Using mean length and mean weight to calculate mean BMI? Is it valid to use mean length ($h$) and mean weight ($w$)) from a given population to calculate mean Body Mass Index ($BMI = \frac{w}{h^2}$) for that population?
 A: Although I agree with the other answers that it is likely that this method will approximate the mean BMI, I would like to point out this is only an approximation.
I'm actually inclined to say you should not use the method you describe, as it is simply less accurate.

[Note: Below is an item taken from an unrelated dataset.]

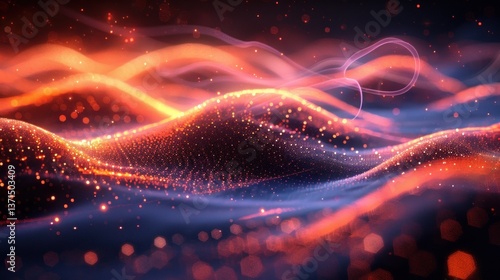 Abstract fiery waves, digital landscape, glowing particles, bokeh background

It is trivial to calculate BMI's for each individual and then take the mean of that, giving you the real mean BMI.
Here I illustrate two extremes, where the means of weight and length remain the same, but the average BMI is actually different:
Using the following (matlab) code:
weight = [60, 61, 62, 100, 101, 102]; % OUR DATA
length = [1.5, 1.5, 1.5, 1.8, 1.8, 1.8;]; % OUR DATA
length = length.^2;
bmi = weight./length;
scatter(1:size(weight,2), bmi, 'filled');
yline(mean(bmi),'red','LineWidth',2);
yline(mean(weight)/mean(length),'blue','LineWidth',2);
xlabel('Person');
ylabel('BMI');
legend('BMI', 'mean(bmi)', 'mean(weight)/mean(length)', 'Location','northwest');

We get:

If we simply re-order the lengths, we get a different mean BMI while mean(weight)/mean(length^2) remains the same:
weight = [60, 61, 62, 100, 101, 102]; % OUR DATA
length = [1.8, 1.8, 1.8, 1.5, 1.5, 1.5;]; % OUR DATA (REORDERED)
... % rest is the same


Again, using real data it is likely that your method will approximate the real mean BMI, but why would you use a less accurate method?
Outside the scope of the question: It's always a good idea to visualise your data so you can actually see the distributions. If you notice certain clusters for example, you can also consider getting separate means for those clusters (e.g. separately for the first 3 and last 3 people in my example)

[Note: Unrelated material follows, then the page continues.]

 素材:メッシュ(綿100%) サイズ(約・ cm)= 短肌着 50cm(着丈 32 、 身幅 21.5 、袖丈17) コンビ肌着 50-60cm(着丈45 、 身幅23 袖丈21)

A: Mathematically, it's not the case that these are necessarily close. It would work if it was the case that 
$E(Y/X^2) = E(Y)/E(X)^2$ but this is false in general and in some particular situations it might be quite far out.

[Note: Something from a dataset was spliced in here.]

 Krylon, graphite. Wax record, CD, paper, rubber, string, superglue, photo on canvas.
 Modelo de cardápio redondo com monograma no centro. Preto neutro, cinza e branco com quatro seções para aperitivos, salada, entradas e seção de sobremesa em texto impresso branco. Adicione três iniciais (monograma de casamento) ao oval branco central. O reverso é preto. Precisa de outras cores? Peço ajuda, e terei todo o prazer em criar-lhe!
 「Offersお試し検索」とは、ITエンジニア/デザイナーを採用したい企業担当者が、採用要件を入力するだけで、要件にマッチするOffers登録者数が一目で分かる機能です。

However, for a fairly realistic set of bivariate height and weight data it looks like the impact will be small.
For example, consider the model for US adult male height and weight in Brainard and Burmaster (1992) [1]; this model is a bivariate normal
in height and log(weight), which fits the height-weight data pretty well and makes it easy to get realistic simulations. A good model for females is a little more complicated, but I don't expect it would make all that much difference to the quality of the BMI approximation; I'm just going to do the males because a very simple model is quite good.
Converting the model there for male height and weight to metric and simulating 100,000 bivariate points in R before calculating individual BMIs and hence mean BMI, as well as calculating mean height on (mean weight)-squared, it turns out the result was that mean BMI was (to four figures) 25.21 and $\bar{h}/\bar{w}^2$ was 25.22, which looks pretty close. 
Looking at the effect of varying the parameters, it looks like the impact of using the biased means-of-variables estimator for the women would probably be slightly larger but still not substantial enough that it's likely to be much of an issue.
Ideally something closer to whatever situation you want to use it for should be checked, but it's probably going to be pretty good. 
So for a typical situation, it would seem it's unlikely to be much of a problem in practice.
[1]: Brainard, J. and Burmaster, D.E. (1992),
"Bivariate Distributions for Height and Weight of Men and Women in the United States",
Risk Analysis, Vol. 12, No. 2, p 267-275
A: It's not completely correct, but it will usually not make a huge difference.
For example, suppose your population has weights 80, 90 and 100kg, and is 1.7, 1.8 and 1.9m tall. Then the BMIs are 27.68, 27.78 and 27.70. The mean of the BMIs is 27.72. If you calculate the BMI from the means of the weights and heights, you get 27.78, which is slightly different, but should usually not make all that much of a difference.